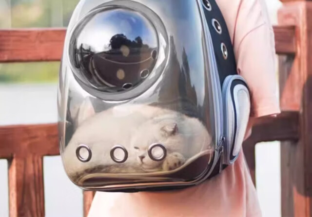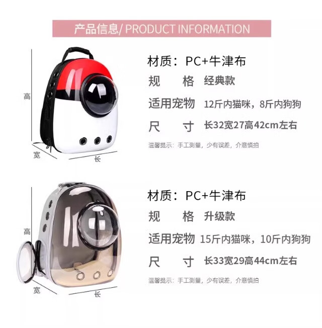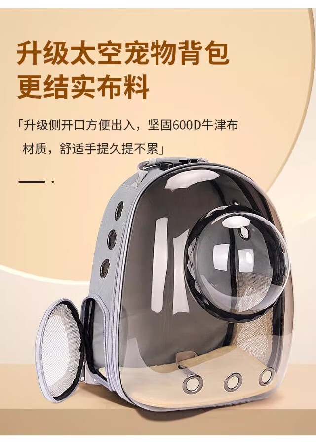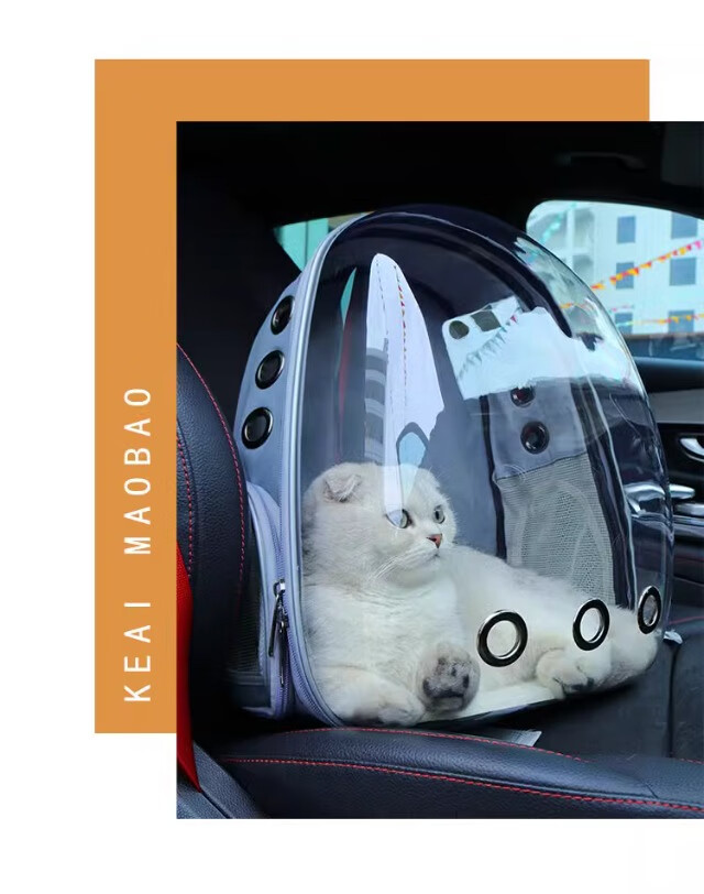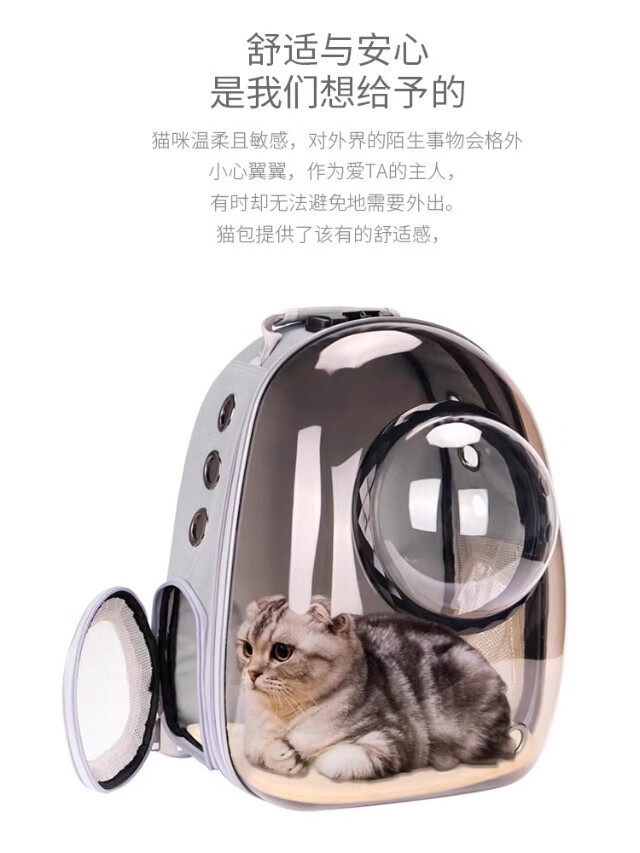 Cat bag, portable bag for outings, space capsule backpack, pet car cat box, large cat flight box, cat cage, transparent gray, upgraded space cover, next day delivery from Beijing warehouse, cats up to 15 pounds/dogs up to 10 pounds, double-sided breathable mesh/can be opened sideways for easy entry and exit/panoramic anti-stress
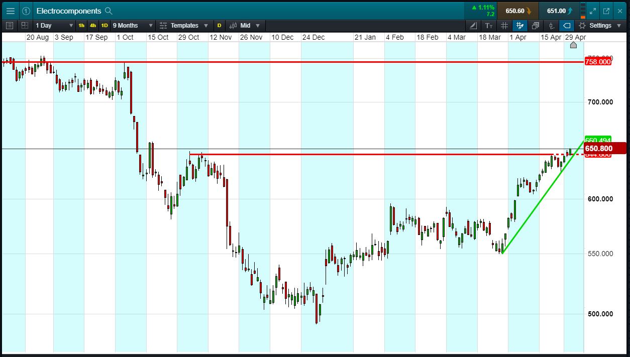 Will Electrocomponents turn, or will it continue to rise towards 758p?
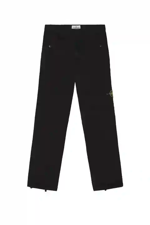 Stone Island Garment Dyed Trousers in Black 98% cotton 2% elastane. Machine wash. Zip fly with button closure. Front button pockets. Back button pocket. Side button pocket with logo patch. Drawstring hem. Midweight twill fabric. STOF-MP53. K2S153100010S0012. About the designer:
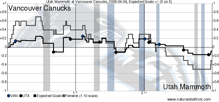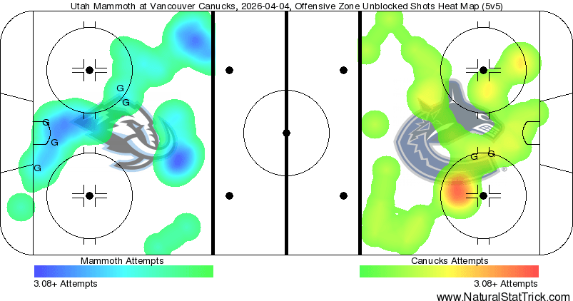 For a 7-4 game, the heat map is pretty lame all things considered. The 5v5 scoring chances were pretty tame, standing at a 12-11 lead for the Canucks with a 6-4 high-danger chance advantage for the Mammoth. If you squint, you can probably see the difference, but other than that, the heat map is pretty unremarkable. It was interesting to see that Utah was trying a lot of shots from the blue line at even strength relative to chances from any other side, but otherwise, there isn’t a whole lot to remark about how these attempts were distributed.
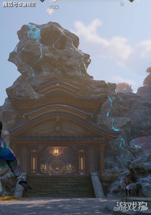 传送到地图上隐逸村渡石,来到隐芝斋府邸,向上看发现最高处有闪光,攀爬假山后获得第五个赋神令。
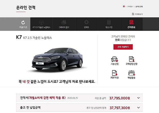단점은 개별소비세 적용 후 변동 가격이 견적 페이지에 반영되지 않았다. 더불어 견적 정보를 별도로 저장할 수 없다.
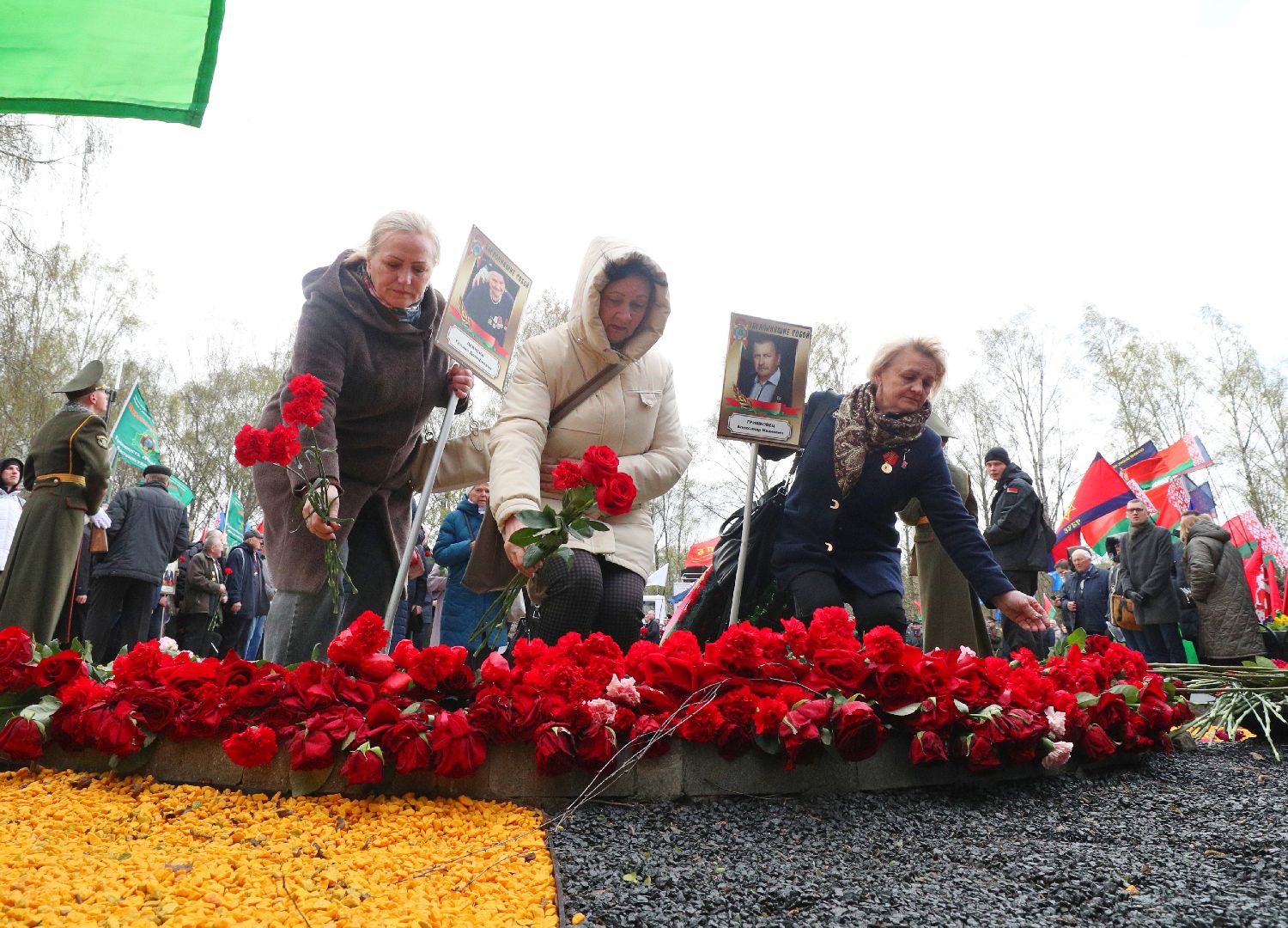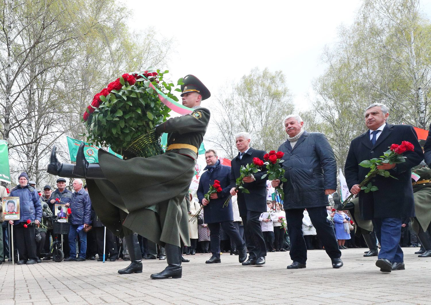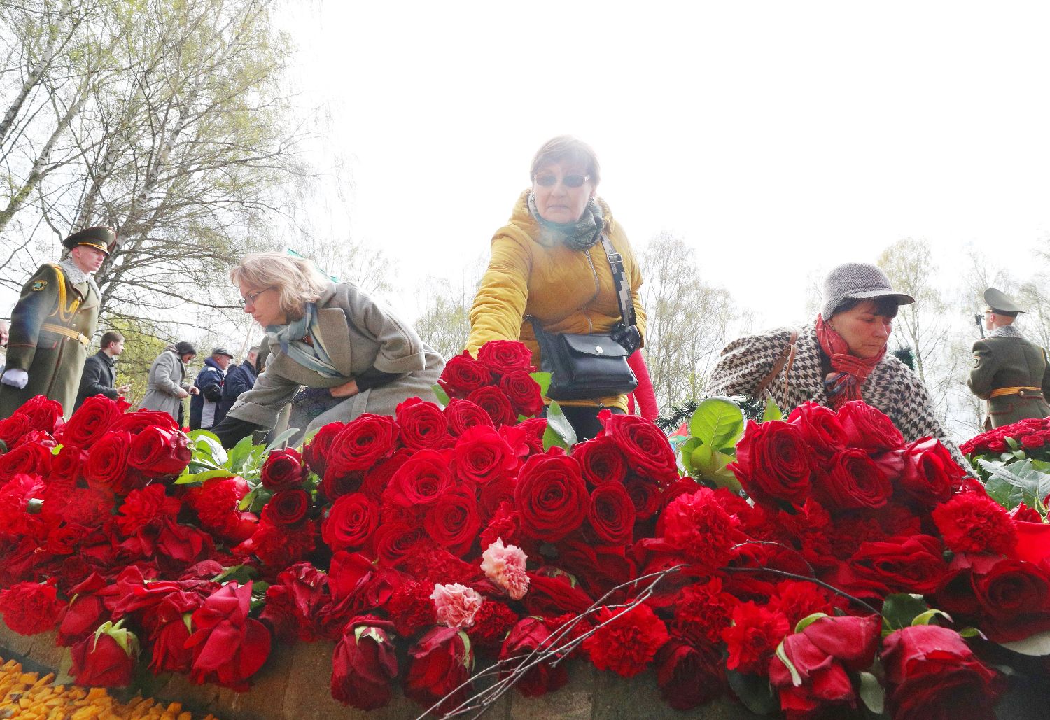 4月26日,在白俄罗斯明斯克,军人向切尔诺贝利遇难者纪念碑敬献花圈。

Assignment: Write out exactly the stretch of lines that begins with the line containing "传送到地图上隐逸村渡石,来到" and ends with the last line of the records above, leaving out the pictures.

Response box:
 传送到地图上隐逸村渡石,来到隐芝斋府邸,向上看发现最高处有闪光,攀爬假山后获得第五个赋神令。
단점은 개별소비세 적용 후 변동 가격이 견적 페이지에 반영되지 않았다. 더불어 견적 정보를 별도로 저장할 수 없다.
 4月26日,在白俄罗斯明斯克,军人向切尔诺贝利遇难者纪念碑敬献花圈。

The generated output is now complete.